AIM OF THE EXERCISE:
Repeat everything from the first line of the listing below through the line that contains "Раскраска космонавт и планеты для детей", exactly. Leave out pictures.

┄┄┄┄┄┄┄┄┄┄┄┄┄┄┄┄┄┄┄┄

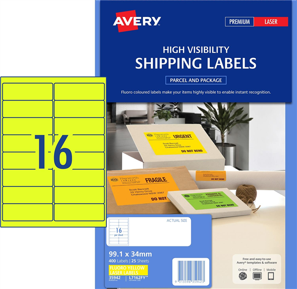 When you want something to stand out, only High Visibility fluoro will do and Avery fluoro yellow shipping labels won’t fail to grab attention
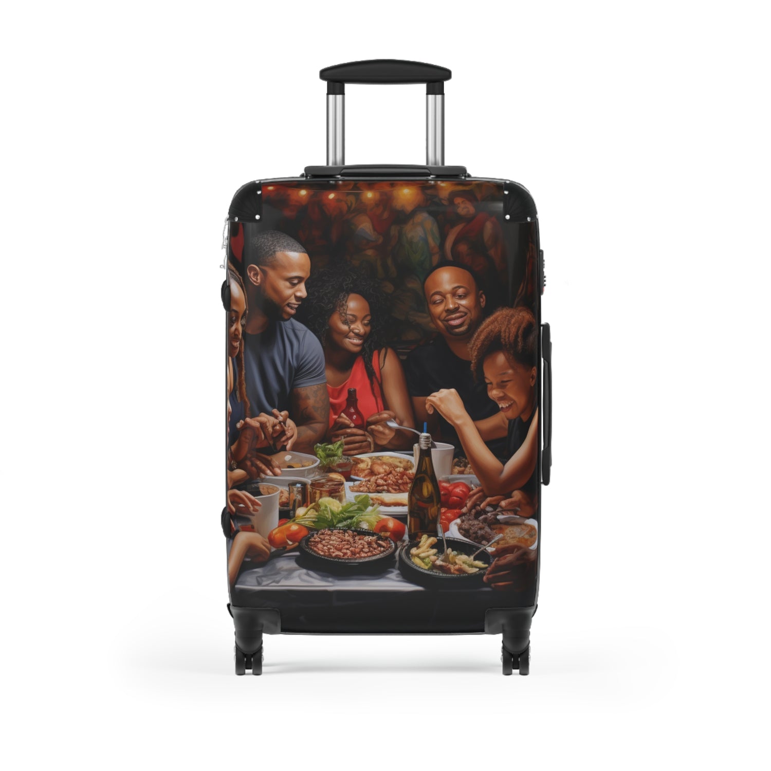 Add a modern twist to your home décor with this gorgeous ultra realistic abstract oil painting of a black big family celebration! Rich accents of colorful food being served in the background provide a warming touch to any environment this painting is hung. Display this stunning painting in your living area to spruce up the look and feel of your home. #oilpainting #abstract #blackfamily #celebration #suitecase #livingroom #homedecor #homeaccessories #wallart #homedesign #interiordesign
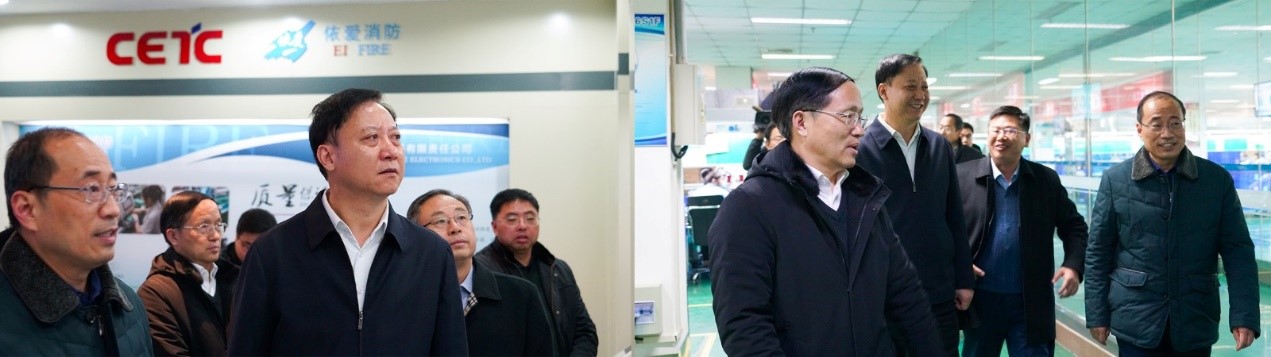 2021年1月12日,蚌埠市委書(shū)記黃曉武,市委副書(shū)記曹哨兵,市委常委、副市長(cháng)鄭東濤,市委常委、市委秘書(shū)長(cháng)高尚,副市長(cháng)陳忠衛,高新區管委會(huì )主任湯春義等領(lǐng)導一行蒞臨依愛(ài)消防調研考察。電科思儀黨委書(shū)記、董事長(cháng)張紅衛,電科思儀監事會(huì )主席魯紹務(wù),40/41所副所長(cháng)王健,電科思儀副總經(jīng)理石險峰,依愛(ài)消防副總經(jīng)理單夫來(lái)等領(lǐng)導熱情的接待了來(lái)賓一行。
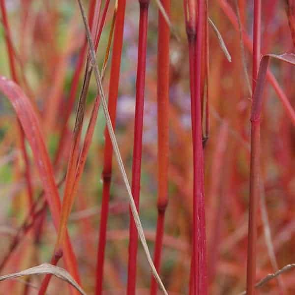 Green foliage begins turning red in summer, dark red in autumn, and scarlet after frost. A tough, native selection that is drought and salt tolerant. [Andropogon]
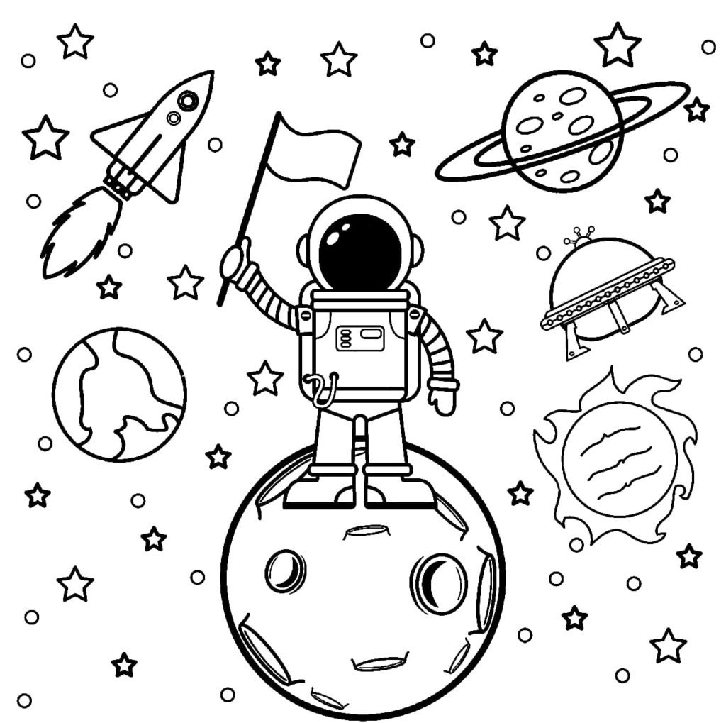 Раскраска космонавт и планеты для детей
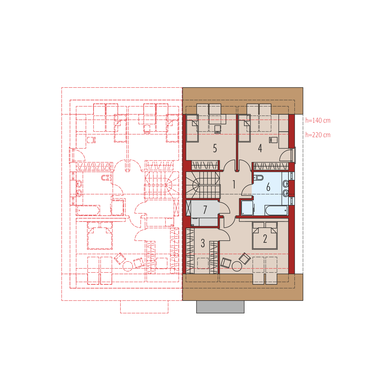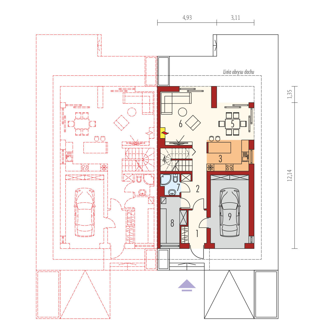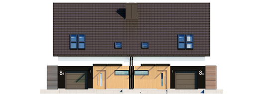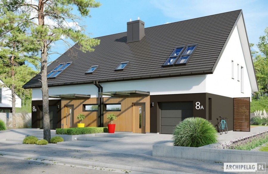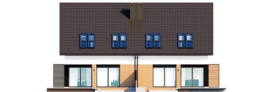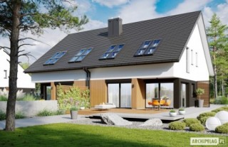 Powierzchnie i pozostałe dane liczbowe podano dla pojedynczego domu (połowa bliźniaka). Koszty budowy dotyczą pojedynczego domu (połowa bliźniaka). Cena dokumentacji technicznej obejmuje obydwa domy. Charakterystyka: Dom jednorodzinny w zabudowie bliźniaczej, parterowy z poddaszem użytkowym, niepodpiwniczony, z garażem jednostanowiskowym Przeznaczenie: Dom dla 3-4-osobowej rodziny Technologia i konstrukcja: Ściany zewnętrzne: murowane, dwuwarstwowe, beton komórkowy firmy H+H 24 cm, ocieplenie styropian Termo Organika 20 cm Ściany wewnętrzne: nośne i działowe murowane, beton komórkowy firmy H+H 24 cm i 12 cm Strop: międzypiętrowy gęstożebrowy Teriva Dach: konstrukcja drewniana, ocieplenie wełna mineralna Isover 30 cm, dachówka płaska Bergamo firmy Röben Inne: schody wewnętrzne drewnianeRozwiązania instalacyjne: Ogrzewanie: kocioł gazowy kondensacyjny firmy Viessmann, rozprowadzenie ciepła: grzejniki firmy Purmo Wentylacja: grawitacyjna OZE: kolektory słoneczneWykończenie: Elewacje: tynk cienkowarstwowy mineralny w kolorze białym TO-PA001 i grafitowym TO-GY015 z palety firmy Termo Organika, okładzina drewniana w układzie pionowym z efektem 3D z barwionego modrzewia syberyjskiego lub świerku skandynawskiego Stolarka: drewniana, PVC lub aluminiowa, drzwi tarasowe podnoszono-przesuwne typu HS aluminiowo-drewniane INNOVIEW firmy FAKRO, obudowy żaluzji wewnętrznych CleverBox Interior firmy BeClever, drzwi wejściowe i brama garażowa firmy Hörmann Okna połaciowe: rozwiązania technologiczne i wyłaz dachowy firmy VELUX Pobierz ekspercki poradnik VELUX i dowiedz się jak wybrać okna dachowe Otoczenie: kostka betonowa i płyty tarasowe firmy Libet, system tarasowy ProDeck - deska kompozytowa Terra w kolorze orzechWersje domów w serii Lukas - zapytaj o dostępność: - Lukas G1 (bliźniak) – wariant podstawowy, dach bez okapów, z lukarną nad garażem - Lukas II G1 wersja A (bliźniak) – podobny układ funkcjonalny (zmiany w strefie wejściowej, bez lukarny), dach bez okapów - Lukas II G1 wersja B (bliźniak) – układ funkcjonalny jak w wersji II G1 w. A, dach z okapami - Lukas II G1 (szeregowy) – układ funkcjonalny jak w wersji II G1 w. A i B, zabudowa szeregowa - odbicie lustrzane do wszystkich wersji Wszystkie wersje domów możliwe w dwóch standardach/wariantach instalacyjnych: - ENERGO: piec gazowy kondensacyjny, grzejniki, wentylacja grawitacyjna - ENERGO PLUS: pompa ciepła, ogrzewanie podłogowe, wentylacja mechaniczna, dodatkowo panele fotowoltaiczne Istnieją techniczne możliwości wykonania zmian: - podpiwniczenia budynku - wykonania budynku dwulokalowego - wykonania budynku w technologii szkieletowej - dokonania zmian funkcjonalnych wg indywidualnych wymagań

┄┄┄┄┄┄┄┄┄┄┄┄┄┄┄┄┄┄┄┄

EXERCISE RESPONSE:
 When you want something to stand out, only High Visibility fluoro will do and Avery fluoro yellow shipping labels won’t fail to grab attention
 Add a modern twist to your home décor with this gorgeous ultra realistic abstract oil painting of a black big family celebration! Rich accents of colorful food being served in the background provide a warming touch to any environment this painting is hung. Display this stunning painting in your living area to spruce up the look and feel of your home. #oilpainting #abstract #blackfamily #celebration #suitecase #livingroom #homedecor #homeaccessories #wallart #homedesign #interiordesign
 2021年1月12日,蚌埠市委書(shū)記黃曉武,市委副書(shū)記曹哨兵,市委常委、副市長(cháng)鄭東濤,市委常委、市委秘書(shū)長(cháng)高尚,副市長(cháng)陳忠衛,高新區管委會(huì )主任湯春義等領(lǐng)導一行蒞臨依愛(ài)消防調研考察。電科思儀黨委書(shū)記、董事長(cháng)張紅衛,電科思儀監事會(huì )主席魯紹務(wù),40/41所副所長(cháng)王健,電科思儀副總經(jīng)理石險峰,依愛(ài)消防副總經(jīng)理單夫來(lái)等領(lǐng)導熱情的接待了來(lái)賓一行。
 Green foliage begins turning red in summer, dark red in autumn, and scarlet after frost. A tough, native selection that is drought and salt tolerant. [Andropogon]
 Раскраска космонавт и планеты для детей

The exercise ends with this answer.